Can AI agents fully automate underwriting?

Can AI agents fully automate underwriting? For low-complexity, high-volume policies, AI automated underwriting can handle end-to-end straight-through processing within defined thresholds.

For complex commercial and specialty risks, AI agents support rather than replace underwriters. They extract and enrich data, screen submissions against appetite, calculate risk scores, and prepare the file for review. The underwriter then makes the final decision.

McKinsey projects that more than 90% of pricing and underwriting for many policies could be automated by 2030, but human oversight of complex risks isn’t going away.

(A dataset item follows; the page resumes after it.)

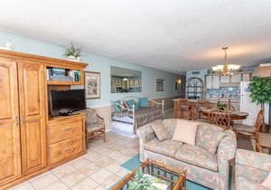 This condo is located in the family friendly Garden City Beach Area just south of Myrtle Beach. This two bedroom condo is in the 16 story high rise Royal Garden Resort. The Royal Garden Resort has a large outdoor and indoor swimming pool and a hot tub. Linens are included in the reservation.

What are the key features to look for in insurance underwriting software?

If you are looking to buy off-the-shelf insurance underwriting software, make sure it includes intelligent automation, automated submission intake, AI-driven risk assessment, easy integrations, security and audit trails, and human-in-the-loop controls.

Should we buy underwriting tools or build a custom AI agent?

Buy the system of record; build the process layer. If your pain is policy administration or rating, evaluate insurance underwriting platforms. If your pain is intake, triage, document chaos, legacy handoffs, or the work between systems, a custom-built agent may fit better than an off-the-shelf tool because it can be trained on your documents and configured around your guidelines.

How much does it cost to build an AI agent for insurance?

A focused first agent (for example, submission intake automation for one line of business) typically costs about $80,000 to $150,000 as a custom MVP. The final cost depends on document complexity, system integrations, and compliance requirements. This is often comparable to one year of enterprise platform licensing, for an asset you own.

How long does it take to implement AI agents for insurance?

A scoped first workflow with one agent, one process, and human-in-the-loop can go live in weeks. This is much faster than a core system implementation, which typically takes 6 to 18 months. The main upfront work is defining escalation rules and success metrics with underwriting or claims leadership.